Jie Han dan Baoshan Xing, ahli kimia lingkungan dari University of Massachusetts di Amherst, mempelajari bagaimana berbagai bahan menyerap berbagai jenis bahan kimia. Setelah larangan pemerintah Amerika Serikat, mereka bertanya-tanya apakah triclosan bisa menempel di sikat gigi.

Untuk menyelidiki itu, mereka bekerja sama dengan tim ahli kimia dan insinyur di Connecticut dan Selandia Baru. Laporan penelitian mereka dimuat di jurnal Environmental Science & Technology edisi 7 November 2017.

Peneliti memilih 22 jenis sikat gigi yang populer di Amerika Serikat. Dari sikat berukuran penuh untuk orang dewasa sampai ukuran kecil untuk anak. Kuasnya juga bervariasi. Ada yang hanya memiliki bulu nilon. Ada pula yang memiliki cup pemoles dan polimer pembersih lidah dan permukaan pipi.

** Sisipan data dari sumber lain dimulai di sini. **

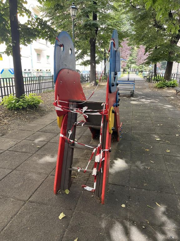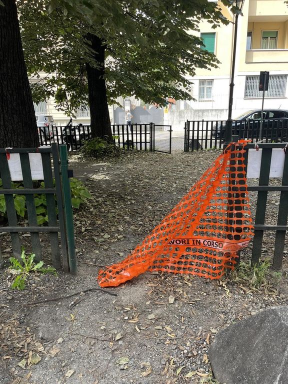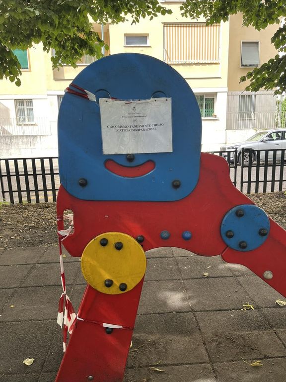 Scivolo ed ingressi chiusi con nastro da cantiere: degrado nell'area giochi di via Bertolotti

Para periset membeli 21 jenis pasta gigi, termasuk enam yang mengandung triclosan. Mereka mencampur satu bagian pasta gigi dengan tiga bagian senyawa kimia mirip air liur. Ini menciptakan ‘bubur’ mirip apa yang terjadi di mulut saat Anda menyikat gigi. Bubur itu dituang ke dalam botol bersisi lurus. Kemudian, peneliti menyikat bagian dalam botol itu dengan sikat tertentu dua menit. Mereka mengulangi proses ini hingga 168 kali, atau setara penggunaan sikat gigi tiga bulan.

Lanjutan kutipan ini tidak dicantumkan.